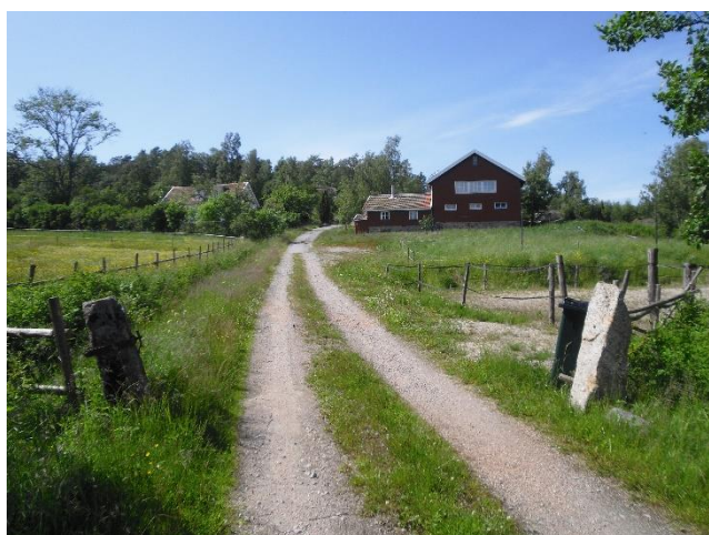
Bilde 1: Mine røtters allé.

Vi ruslet rundt på de ulike områdene – helleristningene var store og mangfoldige, og det hvilte en slags ro der – eller bare at jeg fant roen i meg, kanskje? Jeg vet ikke. Men jeg kjente på en viss tilknytning, så da vi gikk på museet, hadde jeg behov for to ting: Jeg ville kjøpe noen sølvsmykker som minne om stedet, samt spørre om de visste hvor mine tippoldeforeldre bodde. Utrolig nok kunne de forklare hvor det var mest sannsynlig oldemor kom fra – og ikke var det
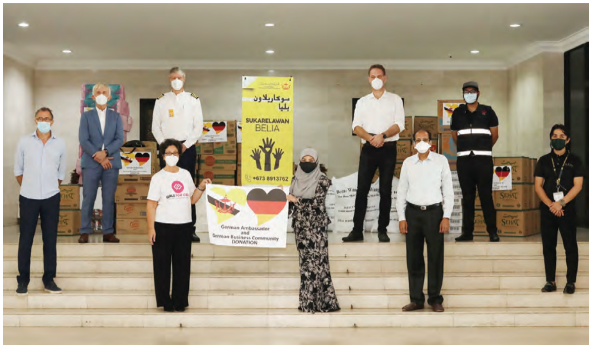
SETIAUSAHA Tetap (Kemasyarakatan dan Kebudayaan), Kementerian Kebudayaan, Belia dan Sukan semasa menerima sumbangan daripada Puan Yang Terutama Duta Besar Istimewa dan Mutlak Republik Persekutuan Jerman ke Negara Brunei Darussalam pada Projek Sumbangan Secara Pandu Lalu tersebut.

Hari Penyatuan Republik Persekutuan Jerman diraikan bagi memperingati perpaduan nasional dalam mengakhiri perpecahan selama berpuluh-puluh tahun, iaitu semasa tembok yang dibina pada 1961 menembusi Jerman dan negara-negara Eropah serta seluruh dunia setelah beberapa dekad.
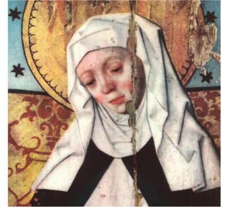
Altartafel, Kirche von Salem

Birgitta von Schweden (geb. um 1303) war erst 10, als sie erste Visionen erlebte – eine Begabung, die sie durch das Leben begleitete. Früh wurde sie Mutter von acht Kindern; mit ihrem Mann verband sie eine tiefe Frömmigkeit. Gemeinsam unternahmten sie große Wallfahrten. Danach lebten beide in klösterlicher Abgeschiedenheit. Ihr Mann starb 1344, Birgitta wurde durch Visionen „Braut und Sprachrohr Christi“. So kam es zur Gründung einer Klostersgemeinschaft – „Erlöserorden“ genannt. 70-jährig starb sie 1373 in Rom. Ihr Gedenktag ist der 23. Juli.
::::
▶ _WORK TO COMPLETE_
Go through the data above and print exactly the lines from its first line through the line holding "SETIAUSAHA Tetap (Kemasyarakatan", both included, leaving pictures aside.

▶ _ANSWER SPACE_
Bilde 1: Mine røtters allé.

Vi ruslet rundt på de ulike områdene – helleristningene var store og mangfoldige, og det hvilte en slags ro der – eller bare at jeg fant roen i meg, kanskje? Jeg vet ikke. Men jeg kjente på en viss tilknytning, så da vi gikk på museet, hadde jeg behov for to ting: Jeg ville kjøpe noen sølvsmykker som minne om stedet, samt spørre om de visste hvor mine tippoldeforeldre bodde. Utrolig nok kunne de forklare hvor det var mest sannsynlig oldemor kom fra – og ikke var det
SETIAUSAHA Tetap (Kemasyarakatan dan Kebudayaan), Kementerian Kebudayaan, Belia dan Sukan semasa menerima sumbangan daripada Puan Yang Terutama Duta Besar Istimewa dan Mutlak Republik Persekutuan Jerman ke Negara Brunei Darussalam pada Projek Sumbangan Secara Pandu Lalu tersebut.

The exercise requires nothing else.